For example, when a company decides to split its shares in order to make shares more affordable, it can have a positive effect. This opens the stock to an entirely new subset of the investing public (namely, those who previously couldn't afford even a single share), which can cause a spike in demand that pushes the stock higher. If your broker allows you to trade fractional shares, this isn't a concern, but, for many investors, high-dollar stocks are inaccessible. Stock splits also can convey management's confidence in a stock price, which can trickle down to investors.
What should you expect when stocks split?
There are three key dates investors need to know when it comes to stock splits. They are (in chronological order):
- Announcement date: First, the company will publicly announce the plans for the split, as well as pertinent details investors need to know. This information generally includes the split ratio and when it will happen, including the dates I describe in the next two bullet points.
- Record date: This is an important date when it comes to accounting, but it isn't terribly important for investors to know. The record date is when existing shareholders need to own the stock in order to be eligible to receive new shares created by a stock split.

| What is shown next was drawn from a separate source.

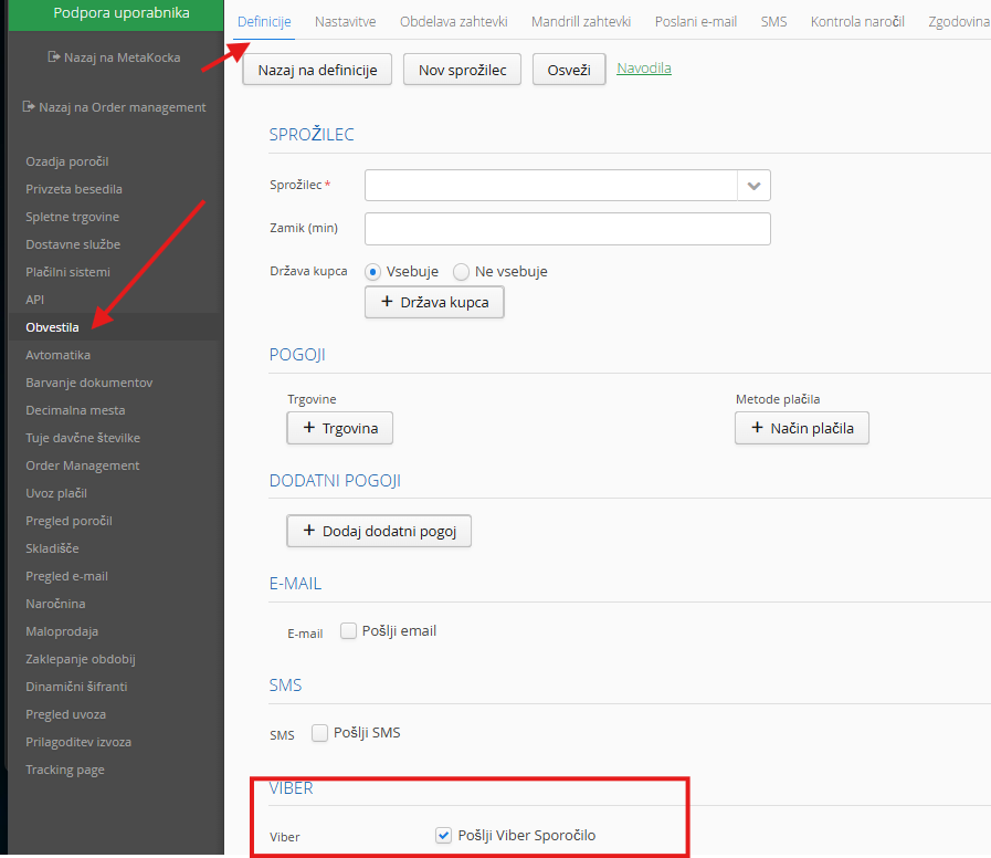 V kolikor želite v vaš poslovni proces, vključiti obveščanje kupcev preko Viber sporočil, je potrebno registrirati Sender ID. npr. NAJSHOP. Za registracijo senderja izpolnite forme na POVEZAVI, nam jih vrnite, da v vašem imenu registriramo Sender ID in dopolnimo nastavitve.

However, if you buy or sell shares between the record date and the effective date, the right to the new shares transfers.
- Effective date: The date when the new shares show up in investors' brokerage accounts and the shares trade on a split-adjusted basis.
This may sound complicated, but it's quite simple in real-world situations. On the morning of the effective date of a stock split, the increased number of shares will appear in your account, and the share price should be adjusted accordingly.